Degradation reactions were performed as previously described (32). For the addition of “Complete” inhibitor mix (Boehringer Mannheim), a tablet was dissolved in 1 ml, and 0.5 μl was added to the reaction mixture. For the identification of peptides following proteolysis of CII, the proteolysis reactions were carried out at 42°C with 50 pmol of CII and 10 pmol of GST-FtsH.
Liquid chromatography and MS.
The peptides produced by FtsH proteolysis were resolved by reverse-phase HPLC on a 1- by 150-mm Vydac C18 column with a linear gradient of 4 to 65% (1%/min) acetonitrile in 0.025% trifluoroacetic acid (TFA), at a flow rate of 40 ml/min. The MS analysis was done in the positive-ion mode using repetitively a full MS scan followed by an MS-MS experiment (collision-induced fragmentation) on the most abundant ion of the MS scan. The MS and MS-MS data from the run were compared to the simulated proteolysis and fragmentation of the substrates by using Sequest software (J. Eng and J. Yates, University of Washington).
RESULTS
Purification and characterization of CII protein.

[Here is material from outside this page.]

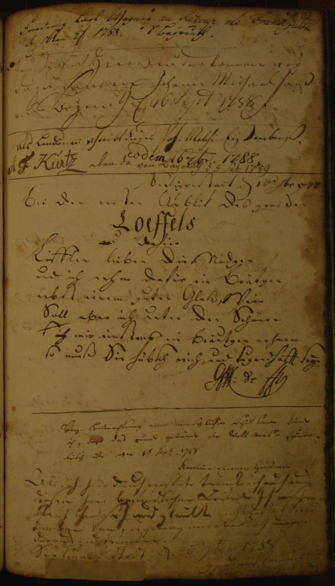 Seligenstadt den 18 7br 1788 bei dem ersten Anblik des großen Loeffels dahier
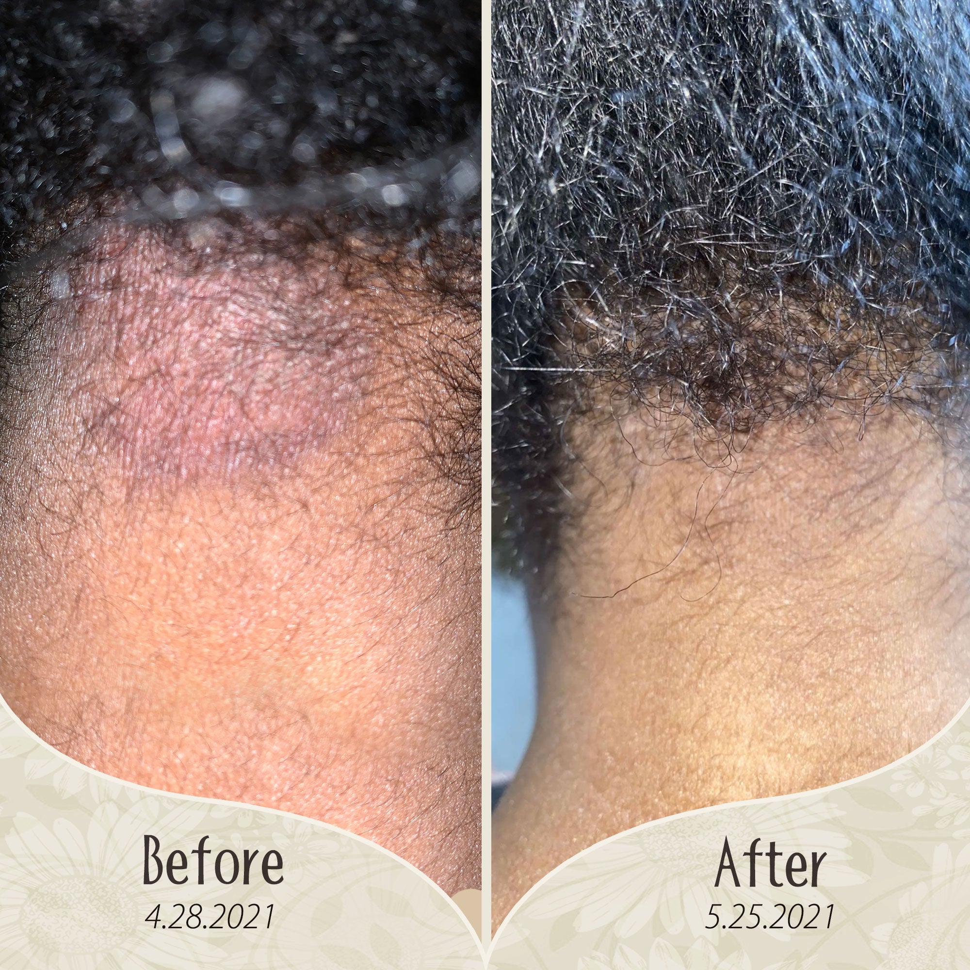 This oil is unlike any other hair growth oil I have ever used. It doesn't have a greasy base and it has made my edges come back to the point where I have never seen my hair grow before. Overall, my hair is thicker and it has a pretty natural sheen to it. I am very impressed with my results. I’ve been using it for about 4 months now. Can’t wait to my hair transformation after my next weave takedown.

For rapid and simple purification of CII, the cII gene was cloned into pET15b (Novagen) expressing a His6-CII protein fusion in which 6 histidines were added to the N terminus (see Materials and Methods). Soluble CII protein was purified by binding to agarose-Ni beads and released from the beads by thrombin cleavage (Fig. 1A). This highly purified CII protein was rapidly degraded by FtsH (data not shown). Degradation of CII is absolutely dependent on the presence of ATP and is partially inhibited by the addition of o-phenanthroline (Fig. 1B). As expected, no inhibition was observed in the presence of a protease inhibitor cocktail that is known to inhibit a large variety of serine, aspartate, and cysteine proteases. We estimated, based on circular dichroism (CD) measurements, that CII in this preparation is highly structured and is made of 65% α helix, which is similar to the predicted α-helical content of about 70% (31).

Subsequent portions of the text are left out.